Converting DICOM Images to NIFTI Images

Note: While I will try to be verbose in my how-to guides of imaging, I assume any readers have at least basic knowledge of the command line (Terminal) and bash. If you feel lost with some of the bash references and need some additional info, here is a good beginner’s guide to bash.

Usually the first step to process structural MRI data is to convert the DICOM files from the MR scanner into a more useable format. The current “best” format for files is NIfTI. There are other formats but this is a file format that is widely used and very useable. There are problems with it (specifically with how some software deal handle it but that is a topic for a later time).

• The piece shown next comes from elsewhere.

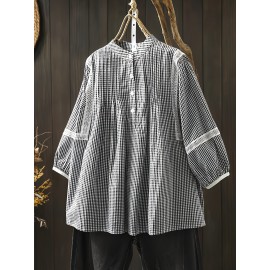 Plus Size, Women's Blouse - Elegant Black & White Grid Pattern Shirt with Rounded Neckline, Non-Stretch Fabric for Fall/Winter Everyday & Formal Outfits - Machine Washable Office Casual Blouse, Fall Fashion Top, Long Sleeve Top, Textured Fabric

One of the best tools to convert DICOM files to NIfTI is Chris Rorden’s dcm2nii (see also his profile on the NITRC website for contact info). This is a command line tool (there is also a graphical user interface version) that wil convert just about any DICOM image to an appropriate NIfTI. dcm2nii is part of the MRIcron package – the most recent version of the software can be downloaded from this link from the NITRC website. There are Linux, Macintosh, and Windows versions of the software (as well as source code if you care to build your own version). This software is available to download for free.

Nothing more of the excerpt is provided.